The bias for this $\bar{g}(x)$ is likely the same as the $\bar{g}(x)$ for $\mathcal{H}_1$ in the book since they seem to be the same form. Of course, this $\mathcal{H}$ where each $h \in \mathcal{H}$ does not have the $y$-intercept parameter and so we would expect its variance to be smaller than that for $\mathcal{H}_1$

6. [a]

The maximum slope that $a$ could equal is $\pi$, while the most negative slope is $0$. If the line that goes through $x_1$ and $x_2$ would have a negative slope, the line of best fit through the origin will still have a positive slope less than $\pi$! So we can conclude that if you spin a line about the origin such that it has a slope of $0$ and $\pi$ and everything in between, you can convince yourself it doesn't vary nearly as much as the $\bar{g}(x)$ for $\mathcal{H}_1$, and is going to be close to the variance for $\bar{g}(x)$ of $\mathcal{H}_0$.

7. [b]

We use the principle explicitly stated in the lectures: "Match the model complexity to the data resources available".

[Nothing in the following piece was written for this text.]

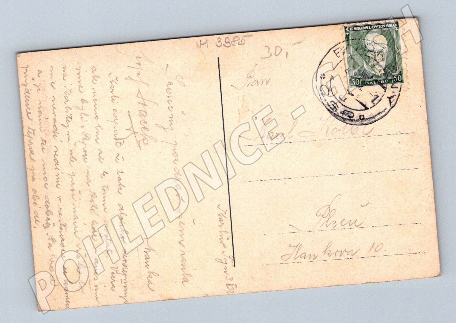 Originální stará pohlednice zobrazující slavný hrad Karlštejn. Pohlednice je kolorovaná, na lícové straně je jasně čitelný nápis Hrad Karlštejn . Jedná se o zaslaný exemplář, na rubu je dochovaná poštovní známka z období Československa s portrétem Tomáše G. Masaryka a ručně psaný text se jménem adresáta a adresou včetně poštovního razítka. Tento sběratelský kousek je vhodný pro milovníky historie, sběratele pohlednic i zájemce o české hrady a zámky. Stav viz foto; mírné známky stáří a používání, rohy nepatrně opotřebované.

$h(x) = b$ is too simple, so it has a high bias. $h(x) = ax + b$ achieves better bias with some added model complexity, but this increase in model complexity introduces a killer variance of $1.69$! It is already too complex for this data set, as will any quadratic form. It seems $h(x) = ax$ is the optimal choice out of these options.

8. [c]

For $N<q$, $m_{\mathcal{H}}(N+1) = 2^N\cdot2 = 2^{N+1}$. However, once $N=q$ $$ \begin{aligned} m_{\mathcal{H}}(N+1) & = 2^{N+1} - \binom{N}{q} \\\\ m_{\mathcal{H}}(q+1) & = 2^{q+1} - \binom{q}{q} \\\\ & = 2^{q+1} - 1 \\\\ & < 2^{q+1} \end{aligned} $$

Note that for $N=q-1$, $m_{\mathcal{H}}(N+1) = m_{\mathcal{H}}(q)$ $$ \begin{aligned} m_{\mathcal{H}}(q) & = 2^{q} - \binom{q-1}{q} \\\\ & = 2^{q} - 0 \\\\ & = 2^{q} \\\\ \end{aligned} $$

Note that $d_{vc} = q$ because of the generous use of $N$. Let $N^\prime = N+1$, then $N^\prime = q+1$ is what I claim to be the first breakpoint. If it weren't then $m_{\mathcal{H}}(N^\prime) = 2^{N^{\prime}}$ but we know it equals $2^{N^\prime} - 1$ from our previous analysis. This is just a way to think about it in case the $N$'s and $N+1$'s were confusing and resulting in an off-by-one error.

9. [b]

Think of VC dimension as a sort of measure for a hypothesis set's classification "power" or "ability".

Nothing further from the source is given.